A couple of weeks ago, the New York Times ran an article by Kate Zernike on Kumon students in New York. [Thanks to Kenn Cukier for pointing me in the direction of the article.]
The main thrust of the argument in the article is that perceived competition for educational achievement is being pushed to lower-and-lower grades. For some reasons, three-year-olds memorizing numbers is always a favourite topic for journalists as this is meant to be shocking. Without endorsing Kumon worksheets as the path to enlightenment, I do think that some children get a lot of joy and some benefits out of such tutoring and the puzzle-aspects of these kinds of worksheets.
The broader point in the article is, however, that it is imagined/perceived competition and peer pressure that is driving the push of tutoring companies (Kumon and Sylvan are explicitly mentioned) into offer pre-school classes.
The article quotes a prominent Cal psychologist, Alison Gopnik, with a great analogy to the “escalation of supplemental education”: “Irish elk competing to see which had the biggest antlers. ‘The result is that they go around tottering, unable to walk, under the enormous weight of these antlers they’ve developed,'” (Kate Zernike, New York Times, May 15, 2011, ST1, “Fast-Tracking to Kindergarten?”).

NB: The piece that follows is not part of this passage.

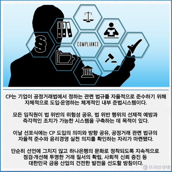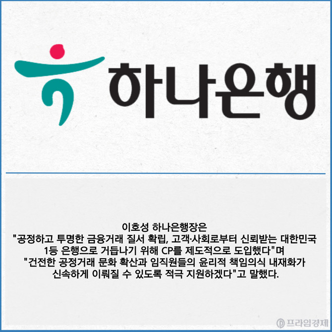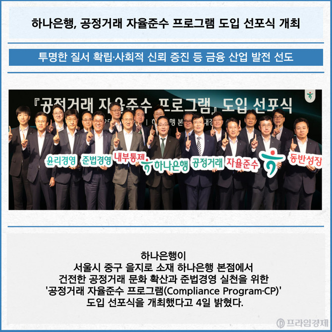 [프라임경제] 하나은행이 서울시 중구 을지로 소재 하나은행 본점에서 건전한 공정거래 문화 확산과 준법경영 실천을 위한 '공정거래 자율준수 프로그램(Compliance Program·CP)' 도입 선포식을 개최했다고 4일 밝혔다.

Indicators of the “escalation of supplemental education” mentioned in the article include Kumon’s 250,000 students in the U.S. and describes Kumon in New York as “colonizing storefronts like so many Starbucks”.
Costs mentioned here at US$200-300 for preschoolers which is higher than what most Kumon parents would be paying in Japan, I think.

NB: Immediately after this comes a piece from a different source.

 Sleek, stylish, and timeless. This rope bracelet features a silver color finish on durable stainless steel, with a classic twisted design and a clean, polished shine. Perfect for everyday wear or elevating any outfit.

The article refers several times to the tension between ‘progressive’ preschools and the kind of tutoring that is offered by Kumon and the like. Parents seem to be caught in the middle between idealized progressive education and the perceived reality of competition in education that seems so powerful in NY city in particular.
Interesting that the article also describes economic/managerial pressures on Kumon that seem quite similar to the Japanese metropolitan context:
“Most Kumon centers are franchises. But recognizing the prohibitive costs of rent in New York City, the parent company began opening centers itself in New York City a little over three years ago. It now has 36 in the five boroughs — 13 in Manhattan — with 14 more expected to open this year.“
The article does reinforce the sense that supplementary education is limited to the island of Manhattan in the United States. This is, of course, far from the truth. Instead, extreme situations (preschools prepping for tests) always seem to be of greater interest to journalists, whether that is in the U.S. or in Japan.
There are two versions of supplementary education that are subject to current and past research: a) SAT prep, and b) the tutoring services authorized under the “No Child Left Behind” Act.
For the former, see a recent article by Claudia Buchmann and her collaborators, for example:
Claudia Buchmann, Dennis Condron, and Vincent Roscigno. 2010. “Shadow Education, American Style: Test Preparation, the SAT and College Enrollment“. Social Forces, 89 (2): 435-461.